I turn my wrist as best I can, straining to point the orb toward my face. I have just enough leeway to glimpse the edge if I press my cheek flat to the wheel. Amriel stares out through the sliver I can see, horror flooding his features. “Sariah?”
“The Shadow,” I say, the words hardly more than a warble. “Please. It’s past sunset. Is he himself? Can you send him to me?”
“Sariah, you’re… I…” His eyes go liquid, then turn glassy, as if he’s looking past me to something else. “He’s looking for you. But he’s lost. Following too many trails.”
A wet laugh breaks loose from my chest. Dispersing my scent across the maze must have worked better than I’d hoped, but now I’m on my own because of it. Kind of how I’m on this wheel because I obeyed Ishanna’s Book.
“Tell me where you are,” Amriel says hurriedly.
I swallow my jangling nerves and survey my surroundings.
I’m in a meadow with a dead birch at its center.
A single crooked branch sprouts from its crown, like a clawed hand pointing at the sky.
Behind it, shadows darken the horizon, meaning more lost hours, but I can’t think about that right now.
I search for the castle and fail to find it, so it must be behind me.
I describe it all to Amriel.
“You’re facing east, then,” he says. “But who has you? Who took you?”
“Ugly green monsters. They’re arguing about what to do with me next.”
He grimaces, curses rolling off his tongue.
“Trolls. They’re barely capable of logic and completely incapable of morals.
Which means you don’t have time to wait for my Shadow.
” He lunges out of the frame and reappears a moment later, not bothering to hide the gyre in his hand.
Already, its light flares, its rings humming to life…
“No!” A scream rips from my throat. “You can’t…
” Panic scrambles my thoughts, but my mouth keeps moving, keeps making words.
“You can’t come in here. If you die, then so will your Shadow.
He won’t be able to save me. You’ll both be gone, and these things will do whatever they want to me. They’ll kill me.”
That hits him right in the chest. He flinches back, the light of his gyre dimming. “Fuck,” he bites out. “Fuck.”
He sweeps a hand over his face, his shoulders heaving.
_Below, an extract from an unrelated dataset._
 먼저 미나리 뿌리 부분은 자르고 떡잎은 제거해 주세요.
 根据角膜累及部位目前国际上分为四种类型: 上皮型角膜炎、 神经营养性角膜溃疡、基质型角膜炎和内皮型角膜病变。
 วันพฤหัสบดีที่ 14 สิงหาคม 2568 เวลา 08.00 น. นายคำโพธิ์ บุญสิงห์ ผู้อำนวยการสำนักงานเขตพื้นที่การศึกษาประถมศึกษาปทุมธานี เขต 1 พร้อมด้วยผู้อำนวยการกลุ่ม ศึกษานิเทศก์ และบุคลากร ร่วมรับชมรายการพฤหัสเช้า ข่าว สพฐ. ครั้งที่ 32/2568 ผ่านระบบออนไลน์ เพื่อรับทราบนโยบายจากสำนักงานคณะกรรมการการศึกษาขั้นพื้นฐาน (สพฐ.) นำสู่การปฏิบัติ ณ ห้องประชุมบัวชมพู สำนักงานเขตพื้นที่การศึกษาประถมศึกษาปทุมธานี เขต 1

But, for all that terror still chews apart my insides, the sick feeling in my belly uncurls a little.
At least Amriel won’t sacrifice himself right in front of me.
He gasps his way through a few more breaths. Then something…happens. His shoulders lower, his hand falling from his face. Something steals over him, a deadly sort of calm.
“It’s going to be all right,” he says, his voice steadying. “I’m going to make it all right.”
I stare. And suddenly understand, with vivid clarity, why we lost the war. How the fae managed to kill so very many of us.
Because I’m no longer looking at my panicked mate. I’m looking at a commander right now. A king.
One who’s clearly done this before. Or something like it, at least.
“I want you to listen, all right?” His tone doesn’t waver from that reassuring frequency. “Tell me what you hear. Right now.”
I suck in a breath, my ears straining. My captors shout over one another while birds settle in for the night, but nothing else breaks the stillness. “The trolls,” I croak. “Birds.”
“Anything else?”
“No, that’s it. What am I listening for?”
“Just wait.” His tone remains even. “We’ll try another door. Give us a second.”
I stare into his eyes. His beautiful, soulful, steadying eyes. Why did I ever think they looked dead? They don’t. They burn like stars, ones I can steer by. And somehow, that’s not just Amriel looking back at me right now, but both of them.